What to work on.
Exact copies of all the lines below are needed, without the pictures.

Data provided.
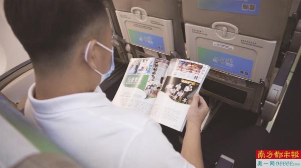 乘客在阅读 《南都娱乐》杂志十六周年主题飞机飞上天,这是南都娱乐首次与航空公司的跨界联动。
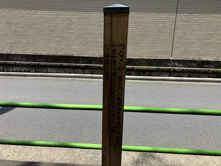 つなざか 羅生門の鬼退治で有名な、平安時代の武士渡辺綱(わたなべのつな)が付近に生まれたという伝説による。
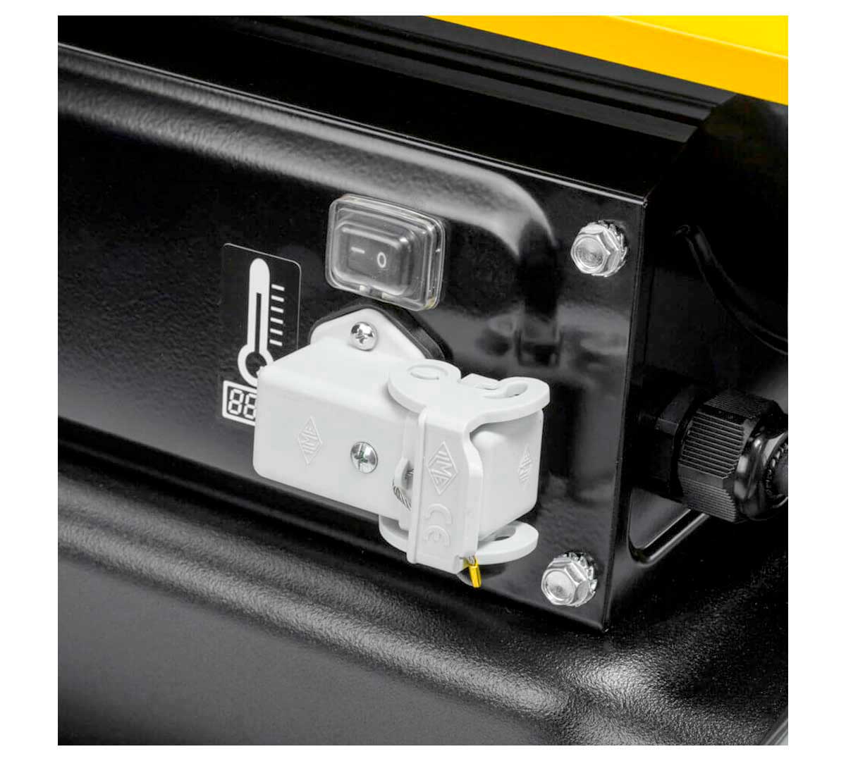 El Master Calentador Aire B 150 incorpora un termostato digital que permite subir y bajar la temperatura fácilmente, garantizando un control preciso durante su uso con gasóleo.

Reply to the exercise.
 乘客在阅读 《南都娱乐》杂志十六周年主题飞机飞上天,这是南都娱乐首次与航空公司的跨界联动。
 つなざか 羅生門の鬼退治で有名な、平安時代の武士渡辺綱(わたなべのつな)が付近に生まれたという伝説による。
 El Master Calentador Aire B 150 incorpora un termostato digital que permite subir y bajar la temperatura fácilmente, garantizando un control preciso durante su uso con gasóleo.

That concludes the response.